Командир флотилии чувствовал какое-то непонятное внутреннее беспокойство и это ему не нравилось.
— Мы уже соприкоснулись. По сути, мы вошли в ее пограничные слои, своеобразную корону туманности. В общем-то, мы уже внутри, но основная плотность начнется через пятнадцать минут полета.
— Плотность вещества за бортом? — четко спросил Шестун.
— 0,2 г/см3, - ответил Мюррей.
— Сбросить скорость вдвое, — приказал командир и вывел на дисплей анализ химического состава короны туманности.
«Суспензия. 30 % — СuО, 15 % — Сu, 50 % — Н2, 5 % — Не. Плотность возрастает. Текущая плотность — 0,4 г/см3», — компьютер бесстрастно вывел на экран ответ на вопрос командира.
— Медь. Целый медный океан. Паутина Циолковского состоит из меди! — возбужденно вскрикнул Шестун.
Мюррей с удивлением посмотрел на экран:
— Да?! В самом деле! Может анализ…
Венерианин никогда еще не только не видел ничего подобного, но даже отдаленно не слышал о том, что такое может быть.
— Это медь! Самая настоящая медь! Это тебе, Клод, не учебник по изотропии Вселенной. Каждый конкретный уголок совсем не изотропный. В этом и есть величие Творца и наша профессия. Никогда не знаешь, с чем предстоит встретиться. Не исключено, что объект — медный астероид. К тому же это не просто медь — это медная пыль. Именно поэтому она прозрачная для излучения оптического диапазона. А со стороны Паутина кажется темной потому, что оксид меди поглощает почти все излучения, иначе, если была бы одна медь, все пространство вокруг Витязей отдавало бы краснотой, — пояснил венерианину восторженный командир.
Не дав компьютерщику опомниться, Шестун попросил сидевшего по другую сторону Косовского:
— Включи обзор.
Старший вахтенный офицер убрал с экрана оптическую защиту и в рубку хлынул поток красного и зеленоватого света.
Вокруг корабля была пустота, образованная его сигарообразным магнитным полем, вне которой на расстоянии каких-нибудь двухсот метров клубились красно-зеленые языки бесчисленных медных песчинок. Чуть дальше, нисколько не теряясь за этим калейдоскопом, параллельным курсом шла «Филадельфия», тоже образовавшая вокруг себя сигарообразную пустоту.

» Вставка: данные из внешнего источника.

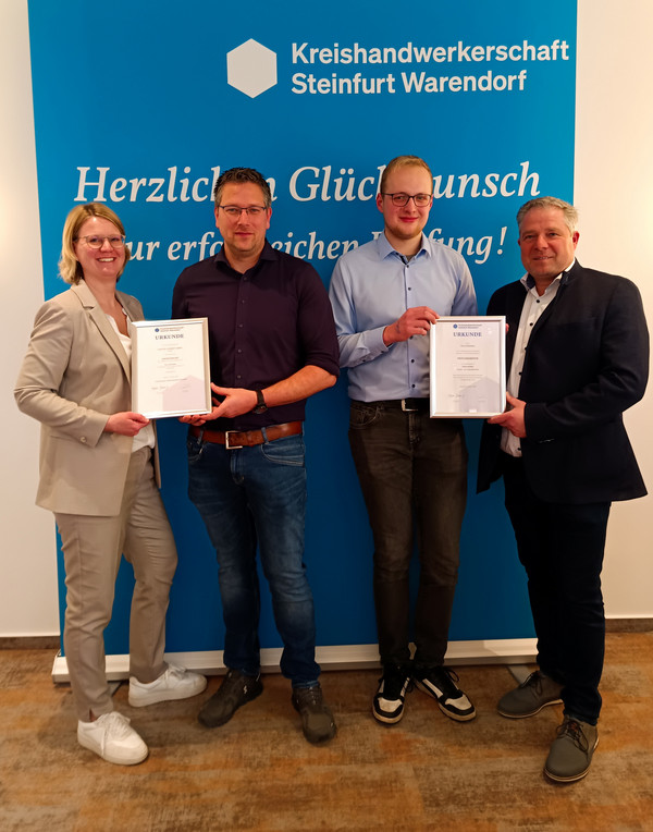 Nach dem Grußwort von Ann-Kristin Erdmann, Bereichsleiterin Innungen der Kreishandwerkerschaft Steinfurt Warendorf, erfolgte die Ehrung des Prüfungsbesten. Ausgezeichnet wurde Nico Kuhlmann, ausgebildet im Betrieb Elektro Schmidt GmbH, Telgte, der in der Gesamtprüfung die höchste Punktzahl erreichte. Ihm sowie seinem Ausbildungsbetrieb wurden Ehrenurkunden und ein Präsent der Innung überreicht.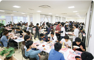 大学会館の耐震工事は2012年3月初旬に完了し、2012年4月5日(入学式前日)に全店オープンする運びとなりました。グランドオープン前の3日間のプレオープン(通常価格の半額提供)に始まり、新入生歓迎のさまざまなイベントに真新しい食堂を利用していただきました。

— Включи обзор для членов экипажа и лабораторий — пускай полюбуются. Когда еще увидят такое?! — приказал Косовскому командир.
«Плотность максимальная — 0,6 г/см3. До объекта — 10 000 м. Время подлета — 12 минут. Все параметры среды в пределах нормы», — сообщил компьютер.
— Сбросить скорость вдвое! — вновь приказал Шестун и впился глазами в экран, словно он мог увидеть то, что ожидало их впереди, лучше, чем десятки приборов.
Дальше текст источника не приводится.